Домик Майкла не только прыгал по детскому этажу как сумасшедший, часто занимая окно, освобождённое каретой Сюзан, но и менял облик примерно раз в месяц: от бревенчатой избушки до паутинного колокола водяного арахнида Argyroneta aquatica. В настоящее время Майкл спал в гигантской оранжевой тыкве.

На завтрак и обед дети спускались вниз, на следующий этаж, где размещалась столовая, соединённая с обширной кухней. Там был большой обеденный стол, за который можно было сесть вместе с друзьями. Но чаще семья завтракала за столиком возле окна – оно выходило в сад, разместившийся на широком балконе вокруг цоколя башни.

На другом этаже была спальня взрослых и два их рабочих кабинета.

Самый нижний – цокольный – этаж башни, уже сливающийся с наклонной стеной пирамидального замка, был деловым: для приёма посетителей и полуофициальных ужинов. Из него вели коридоры в главное здание и рубку – командный центр династии.

Эта башенка стала настоящим тёплым домом для Никки, Джерри и их детей.

Там было уютно жить.

Никки проводила в Королевской башне даже часть своего рабочего времени.
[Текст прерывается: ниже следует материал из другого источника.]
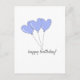 NewParkLane - Sweet Birthday Postcard, featuring three simple hand-drawn heart shaped purple balloons, with 'Happy birthday’ quote in handwritten typography.
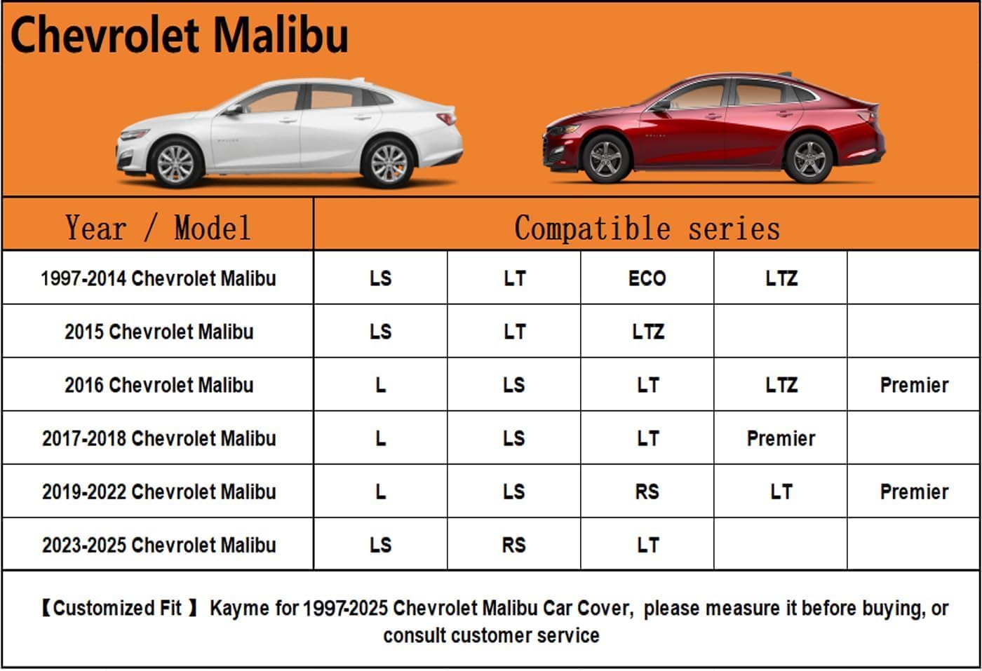 - 【Suitable for】— Custom fit for Chevrolet Chevy Malibu (1997-2025) Come with a large enough portable bag to store your cover when you do not use.
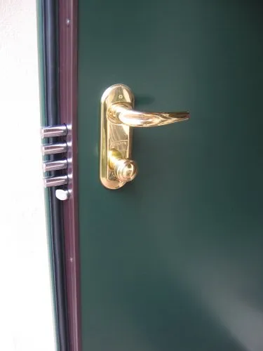 Porta blindata con pannello esterno in alluminio verde RAL 6009 e pannello interno in legno liscio laccato che coniuga sicurezza, isolamento e design personalizzato.
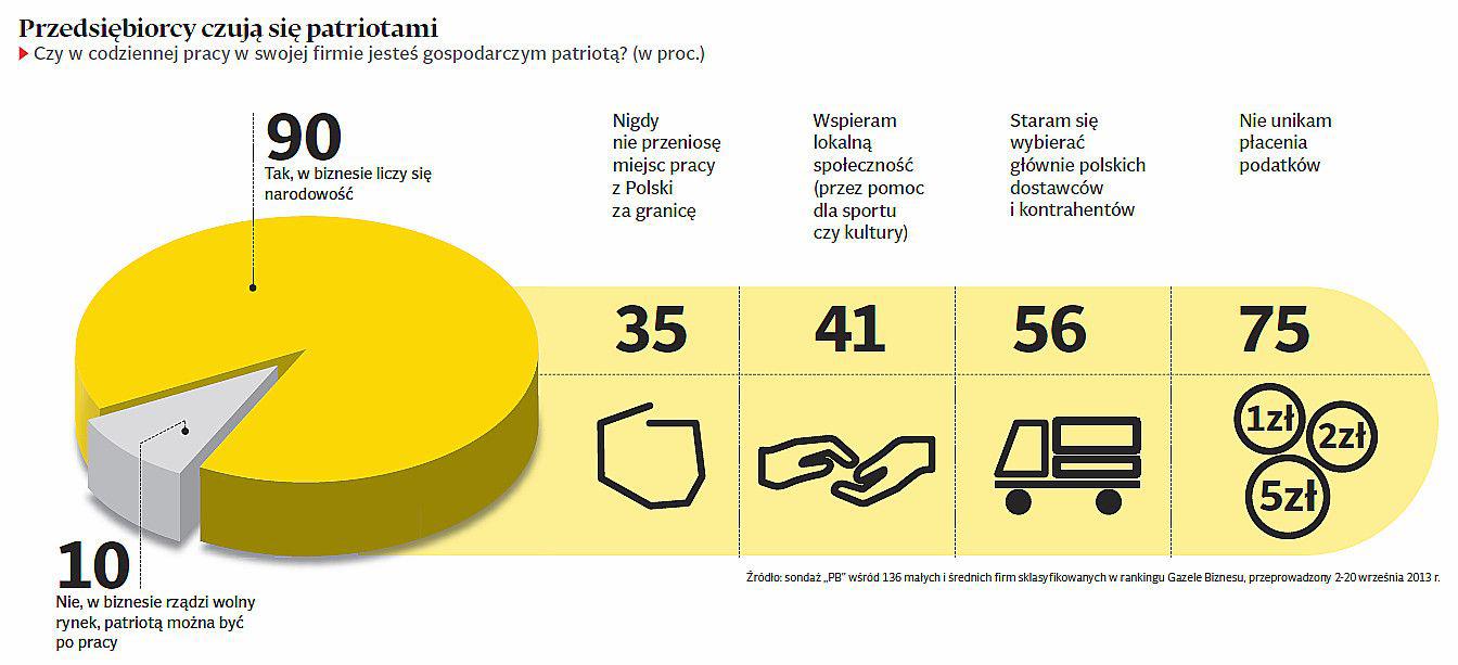 Aż 90 proc. przedsiębiorców deklaruje, że w działalności biznesowej są patriotami — wynika z badania „PB” wśród szefów małych i średnich firm sklasyfikowanych w rankingu Gazele Biznesu. Tylko dla 10 proc. przedsiębiorców biało-czerwone barwy nie mają w pracy znaczenia.
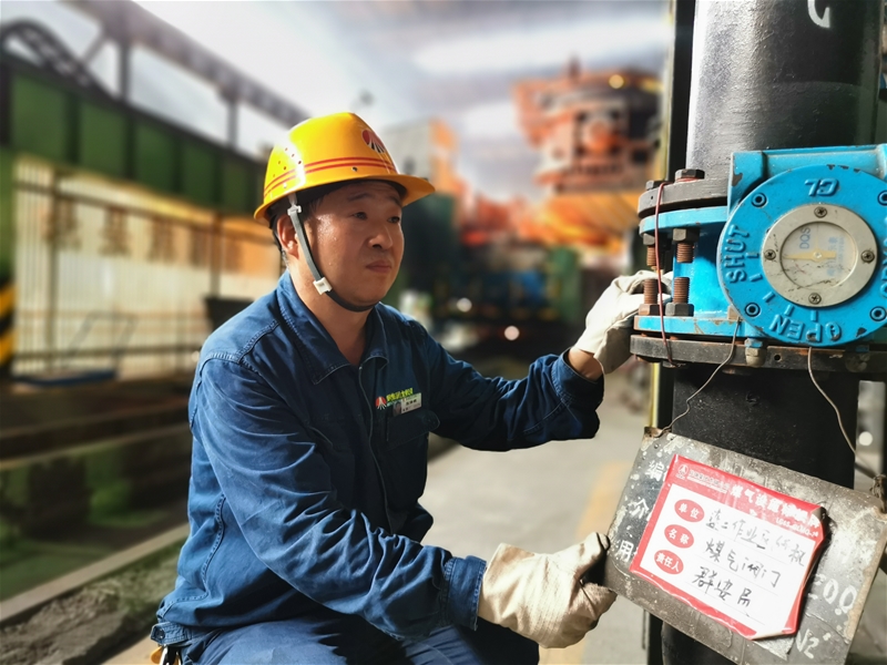 圖三:煉鋼廠連二作業(yè)區(qū)安全員張保銀正在檢查煤氣設(shè)備,現(xiàn)場(chǎng)的溫度持續(xù)攀升,汗珠順著他的臉頰滾落,但是他始終牢記自己的職責(zé)與使命,不放過任何一個(gè)細(xì)節(jié),用實(shí) 際行動(dòng)踐行著自己的安全誓言。

Джерри делил своё время между «Ельником», «Штопором» и «Лестницей», возился с математикой, программами и детьми, а также отвлекал Никки от утомительных многочасовых трудов с помощью самой вкусной еды, которую только мог придумать он сам и повар замка.

Джерри приходил в кабинет Никки и садился в кресло. Вокруг настольного монитора грудились электронные устройства разного назначения и неожиданные предметы. Нож с серебряной рукояткой в виде скрюченной когтистой лапы, сжимающей огромную чёрную жемчужину. Крупный прозрачный кристалл, выращенный по новой технологии. Памятный акулий зуб, лежащий в чаше синего вестийского хрусталя.

Джерри детально рассказывал о меню сегодняшнего ужина. Никки возмущалась, но упорно не отводила глаз от экрана:

– Так нечестно, ты же знаешь, как я запрограммирована на вкусную еду!

Он продолжал вкрадчивым голосом:

– Бекон, закопчённый на дровах сахарного клёна… Нежный омлет на сливках…

Никки не выдерживала, бросала свои занятия и устремлялась вслед за коварным Джерри.

Если слова не помогали, то Джерри просто взваливал Никки на плечо и шагал с ней в столовую.

Там уже сидели дети – Сюзан и Майкл.

Никки в них души не чаяла, труднообъяснимым, но таким понятным образом компенсируя этим собственное одинокое детство.

Если человек не брал на руки маленького сына, не прижимал лицо к его мягкой одежде, пахнущей молоком и отрыжкой – он упустил в своей жизни нечто такое, что невозможно объяснить словами.

Никки рассказывала детям сказки и пела колыбельные песни:

Меркнут знаки зодиака

Над просторами полей.

Спит животное Собака,

Дремлет птица Воробей.

Колотушка тук-тук-тук,

Спит животное Паук,

Спит Корова, Муха спит,

Над Землей Луна висит.

Над Землей большая плошка

Опрокинутой воды.

Спит растение Картошка.

Засыпай скорей и ты!

Маугли любила наблюдать за играми детей. Игры – тайный ключ к детской душе.

Майкл обожал пускать в маленьком бассейне кораблики – с парусами, с моторчиками, на подводных крыльях.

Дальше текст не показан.